Middle Power Pragmatism Needed

Middle Power Pragmatism Needed
Photo by Nathan Guan on Unsplash.

By Benjamin Zyla, Madison Fillmore and Katelyn Cassin


After Mark Carney’s special address at the World Economic Forum in Davos, the idea of a “middle power” has gained renewed attention in Canada. It was also mentioned several times at the Munich Security Conference in February. In his speech in Switzerland, Carney warned that the rules-based international order, on which middle powers depend for safety and influence, faces serious challenges. Since these states lack sufficient capacity to act alone, they should work together to support existing multilateral institutions and establish new ones. 


The term “middle power” has a long-standing history in Canada, but also abroad. In the post-World War II period, Canadian leaders and diplomats intentionally asserted a distinguished international role for Canada, grounded in its “middle” position within the international hierarchy. Middle powers are not suspected of domination, as great powers might be, yet, unlike small powers, they possess the capacity to lead on specific international issues. Accordingly, Canada’s pursuit of foreign policy rooted in a self-identified middle-power status has consistently been associated with self-interest and the projection of power. 

Moreover, middle powers are generally regarded as actively engaged on the international stage, assuming prominent roles in mediation, multilateralism, and offering leadership in specialized diplomatic domains. Canada has upheld this role and its international reputation in the post-World War II period, although less so during the Harper and Trudeau Jr. years.

The concept of “Middlepowermanship” has historically been closely linked with the liberal international order. Much of the discourse concerning middle powers characterizes them as “enlightened”, committed to leveraging their structural position to uphold a rights-based, rules-based, cooperative world order. This portrayal of Canada as a “benevolent” state is well-known to Canadians. However, defining middle powers as inherently supportive of the liberal world order today presents significant challenges and is becoming less relevant and more unhelpful.

First, it has resulted in a Western bias that arbitrarily excludes middle-ranked states such as South Africa and Türkiye, which are highly engaged internationally but diverge from or contest some aspects of the liberal world order. Second, the historical record of Western middle powers, such as Canada, shows that their support for liberal internationalism has always been mixed, tending to be offered only when it is in their interest. Third, to the extent that it ever fully existed, the liberal world order is under serious strain, increasingly disregarded by great powers.

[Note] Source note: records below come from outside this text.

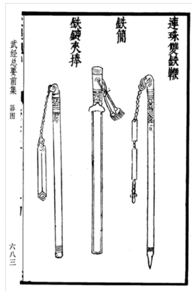
[그림 4] 가운데 있는 병기가 철간(鐵簡)이다. 《무경총요전집(武經總要前集)》

위의 두 기록에 근거하면, 鋼은 두꺼운 갑옷을 두른 기병을 상대할 때, 비교적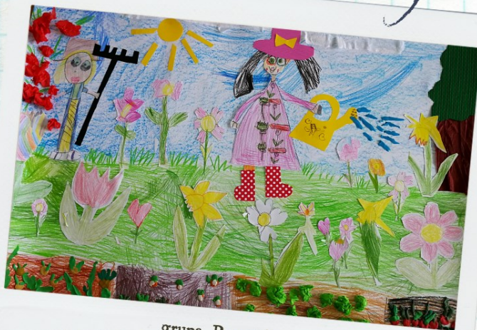
grupa Pszczółki z Przedszkola Miejskiego numer 1 w Będzinie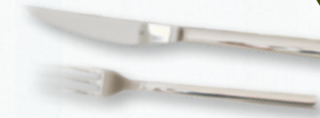
WMF Steakbesteck, 2tlg. Nuova

Mark Carney recognized the hypocrisy. He called it a “pleasant fiction” and remarked that “we understood the story of the international rules-based order was partly false, with the strongest exempting themselves when it suited them, and trade rules enforced unevenly. We also knew that international law was applied with different levels of strictness depending on the accused or the victim’s identity.” This acknowledgment likely resonated with other middle-powers, such as Indonesia, Türkiye, and South Africa, which have previously expressed similar sentiments. 

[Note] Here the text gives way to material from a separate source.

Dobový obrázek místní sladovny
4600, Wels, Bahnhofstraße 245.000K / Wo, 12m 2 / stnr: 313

Both the World Economic Forum and the Munich Security Conference Report clearly acknowledge that the United States has relinquished its leadership role within the liberal global order and has now emerged as one of its principal challengers. Marco Rubio’s address in Munich is further testimony to this observation. 

However, as liberal hegemony is no longer guaranteed, this situation creates new political opportunities for middle powers to act as intermediaries or connectors among diverse groups of actors, thereby promoting cooperation across various value systems and governance frameworks.  Middle powers are well-positioned to lead in addressing armed conflicts, hyper-globalization, climate change, pandemics, and mass migration, which transcend borders and require multilateral approaches. 

Waning U.S. leadership also necessitates that middle powers become more pragmatic and recognize that interests are increasingly diverse, while not every political or economic partner will share Canada’s values. 

Adopting the principled pragmatism envisioned by Mark Carney will require a shift in Canada’s foreign relations, which in recent decades has prioritized its relationship with “like-minded” allies – especially the U.S. – over sustained engagement with the rest of the world. That needs to change, and fast.

Meeting this moment also requires more than rhetoric. Middle power pragmatism necessitates meticulous and strategic policy planning, complemented by well-structured and adequately funded foreign ministries. The persistent budget cuts in Canada’s public service, including at Global Affairs Canada, are misdirected. Ultimately, a revitalized middle-power engagement will demand additional funding, innovative ideas, and a new cadre of highly trained foreign service officers. 

As great powers increasingly avoid multilateral institutions and pursue ad-hoc “dealmaking,” why not embrace middle power cooperation?

Benjamin Zyla is full professor at the University of Ottawa. Madison Fillmore is a PhD candidate at the University of Ottawa. Katelyn Cassin is Assistant professor at Özyegin University in Istanbul, Türkiye.